As the adoption of lithium-ion batteries continues to grow, driven by the push towards electrification and renewable energy, the importance of addressing their potential hazards cannot be overstated. Wojciech Mrozik of Newcastle University in the UK sets out the issues.
While lithium-ion batteries offer numerous advantages over traditional batteries, their capacity for thermal runaway and the consequent risks of fires, explosions, and toxic gas emissions present significant safety challenges.
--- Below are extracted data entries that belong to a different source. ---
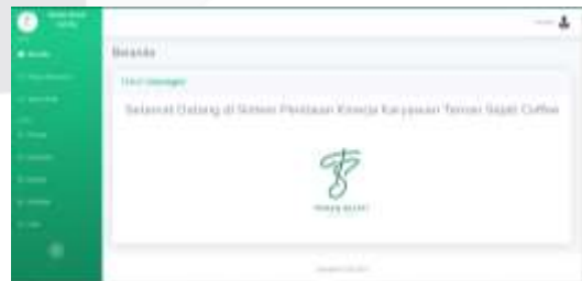
Gambar 7 Halaman Beranda
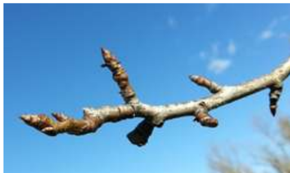
Formazioni fruttifere delle pomacee

POMACEE (melo e pero): le formazioni fruttifere preferenziali sono rami di due o più anni detti lamburde e in misura minore i brindilli (rametti di un anno di età, sottili e allungati con all'apice una gemma mista). Con la potatura va effettuato il solo diradamento di queste porzioni al fine di stabilizzare nel tempo la produttività, limitare l'alternanza di produzione, in particolar modo nel melo e regolarizzare la pezzatura dei frutti.
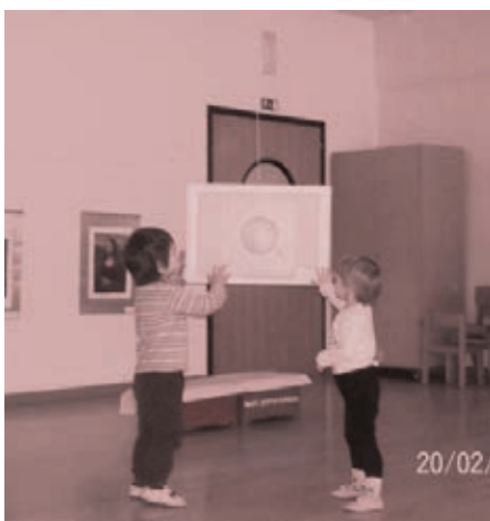
Slika 9: Spoznavamo: Rekonstrukcija veselja (avtor: Giacomo Balla)
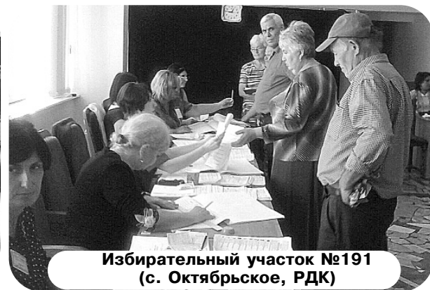
Избирательный участок №191 (с. Октябрьское, РДК)
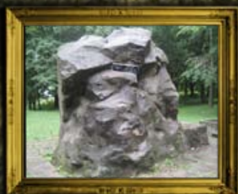
קוסוב: קבר אחים
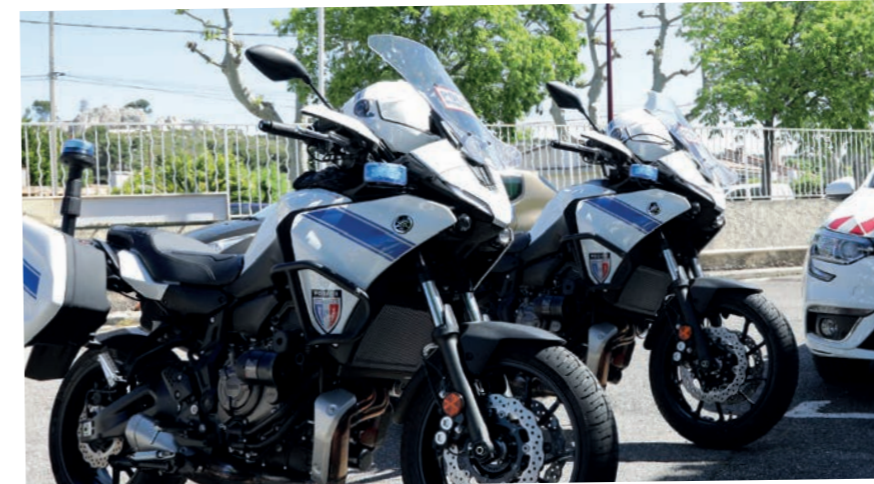
La Police Municipale s'équipe de deux motos supplémentaires - 12 mai
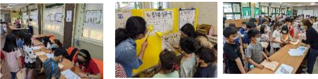
110 年兒童節英語闖關，由銘傳大學國際學院外籍生協助擔任關主導引學生聽說讀
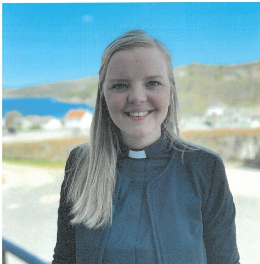
Ingvild dro – Nina kom!
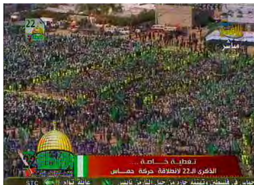
המונים בעצרת המרכזית לציון יום השנה להקמת חמאס בכיכר אלכתיבה אלח'צ'ראא' בעיר עזה (ערוץ אלאקצא, 14 בדצמבר, 2009)
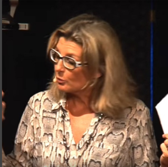
Vidéo : Bien-Être au travail
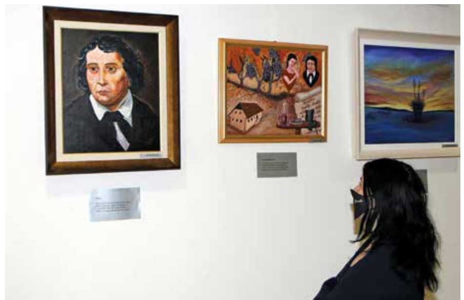
Za razstavo na gradu Komenda je veliko zanimanje.
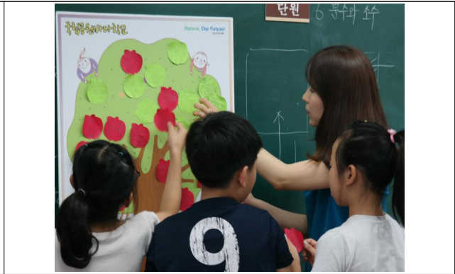
(운영사진_포스트잇에 소망을 적어 붙이기)
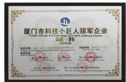
Xiamen Wissenschaft und Technologie Kleines riesiges führendes Unternehmen
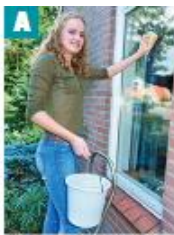
die Fenster putzen
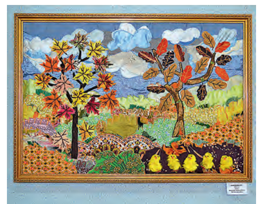
Лоскутный пейзаж, выполненный мастерицей Фатежского района.

В ней приняли участие мастера из нашего города, а также районов Курской области: Фатежского, Золотухинского, Железногорского, Дмитриевского, Поньровского, Хомутовского.
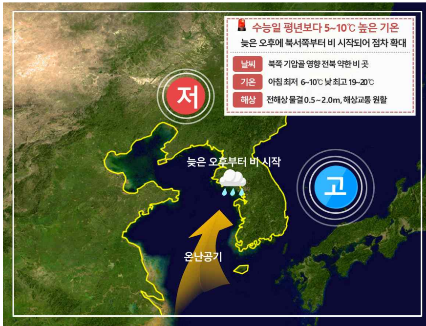
[ 11월 14일 기압계 모식도 ]
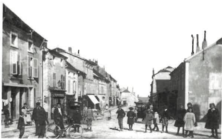
La Grande rue
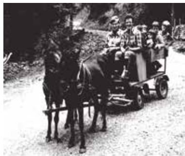
2. Rukila 1970 Hirschwil
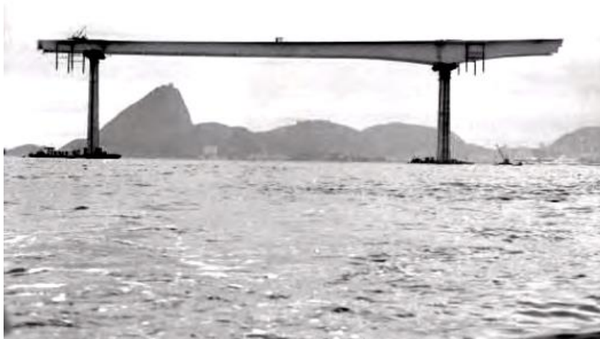
Imagem 1: Construção da Ponte Rio-Niterói. Ao fundo, o Pão de Açúcar. As peças enormes, pré-fabricadas, se encaixam umas nas outras, com exatidão milimétrica.

Agora imagine uma obra gigantesca, como a Ponte Rio-Niterói. É uma das maiores obras de engenharia do planeta e está entre as maiores pontes do mundo. Sua construção também se deu utilizando blocos. Porém, neste caso, eles são enormes, da ordem de dezenas ou centenas de metros. E nesse caso, também, se exige um encaixe perfeito.
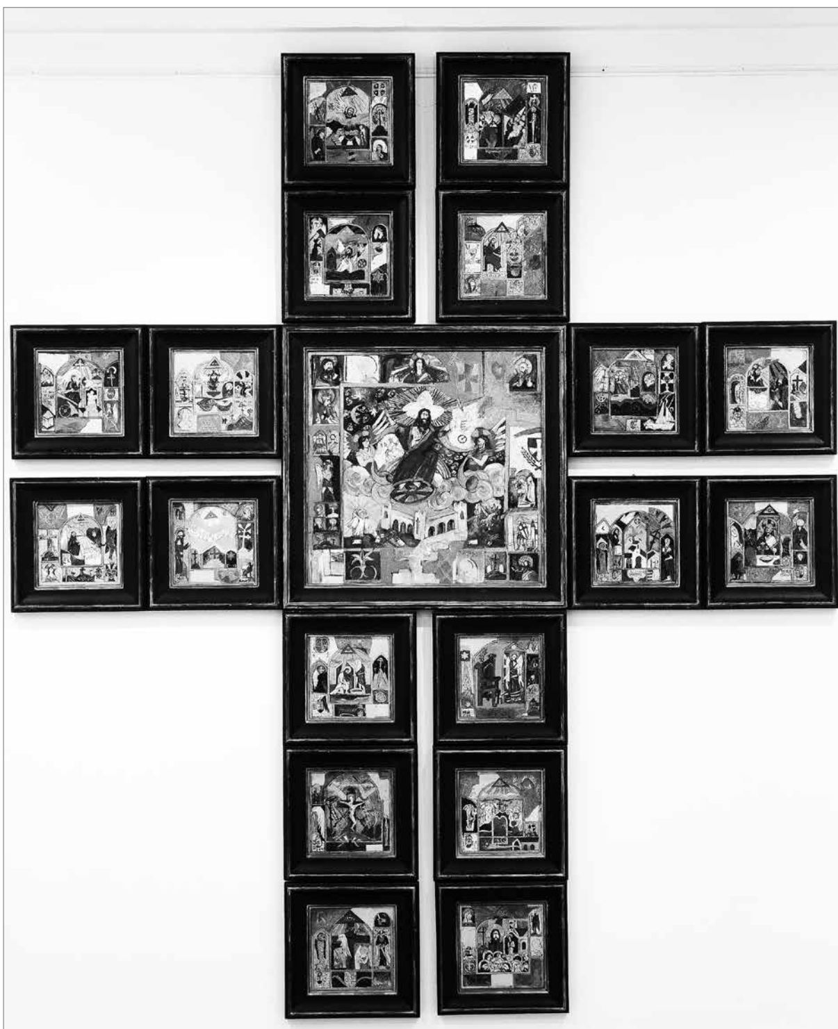
Tábori Csaba: Jézus élete 21 képen
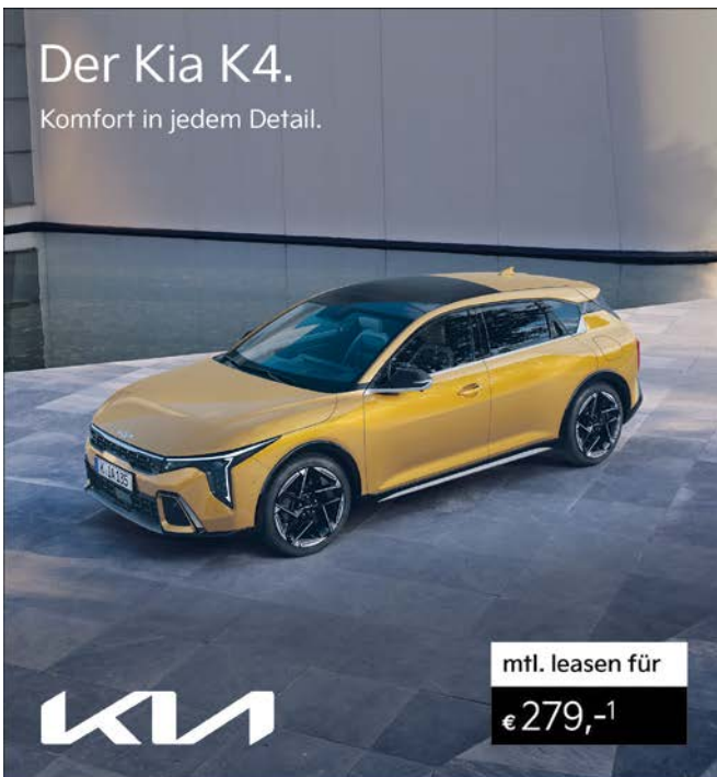
Abbildung zeigt kostenpflichtige Sonderausstattung.

Kraftvoll im Auftritt, großzügig im Inneren und vollgepackt mit innovativer Technologie - der Kia K4 bringt Charakter auf die Straße und aufregendes Fahrgefühl in deinen Alltag. Wähle aus spannenden Motorisierungen und Farben und finde genau den Kia K4, der zu deinem Stil passt. Lerne ihn jetzt bei einer Probefahrt kennen und erlebe, wie komfortabel Kompaktklasse sein kann.
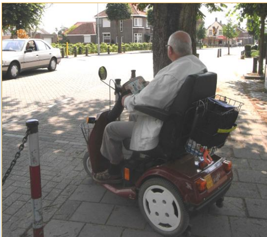
Bergstraat: oversteekplaats naar de Groenstraat

De boom belemmert het uitzicht op naderend verkeer van rechts.
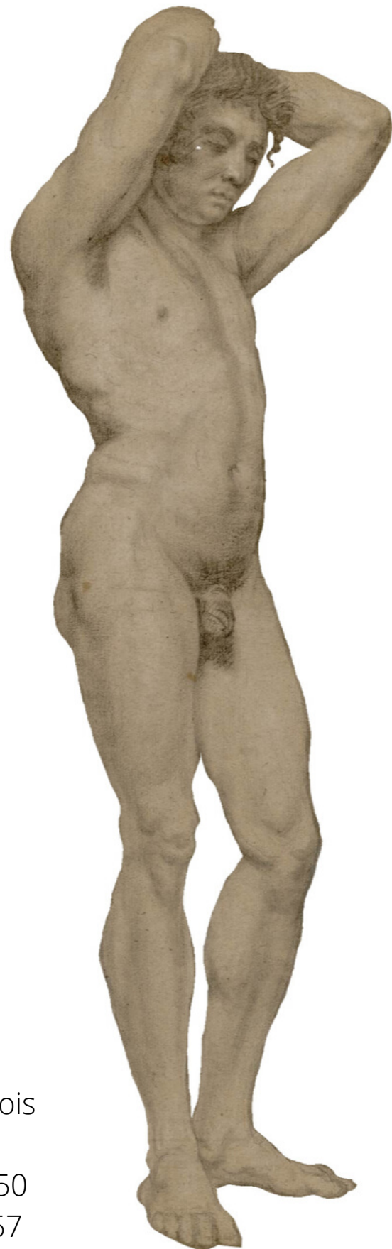
Modèles dessinés par François Xavier Fabre Académie homme, inv.39.350 Académie femme, inv.39.357
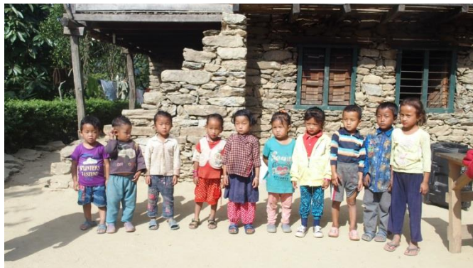
Avant/après la distribution
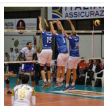
Volley, Tuscania- Ortona 0-3
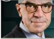
LUIS RUBIO @lrubiof

Con la transición viene un momento de gran tensión y riesgos, tanto por quienes lo lideran como por las agendas e intereses.
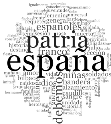
Imagen 3. Nube de palabras de la variable «patria»
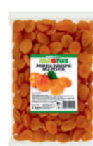
Morele suszone bez pestek opak.: 1 kg, 25 kg
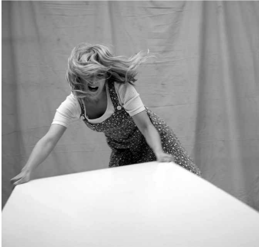
Le combat d'une jeune actrice provinciale contre le chauvinisme culturel parigot et le chauvinisme tout court : « Maryline » - nouveau à l'Utopia.
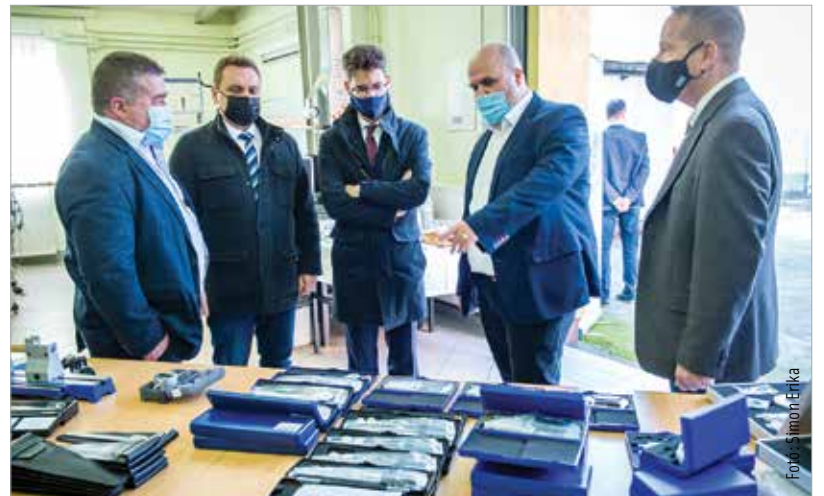
Az átvett mérőeszközök segítségével tudják majd ellenőrizni a széchenyis diákok a nagy pontosságot igénylő megmunkálásokat
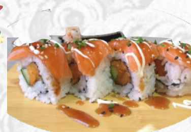
U20. PERFECT MATCH Patata dolce fritta, avocado, surimi, salmone sopra, Mayo, teriyaki €5,50

To thoroughly understand the complex safety concerns associated with these batteries, we must delve deeper into their operational principles, the chemical processes during failures such as thermal runaway, the consequent risks and dangers, and the multifaceted strategies for prevention, mitigation, and emergency response.
Chemistry and operation
Lithium-ion cells come in three primary shapes and sizes: cylindrical (typified by the 18650 cell: 18mm in diameter and 65mm long), prismatic and pouch. Cylindrical and prismatic cells are assembled in metal cans with burst caps, and pouch cells are assembled in metallised plastic.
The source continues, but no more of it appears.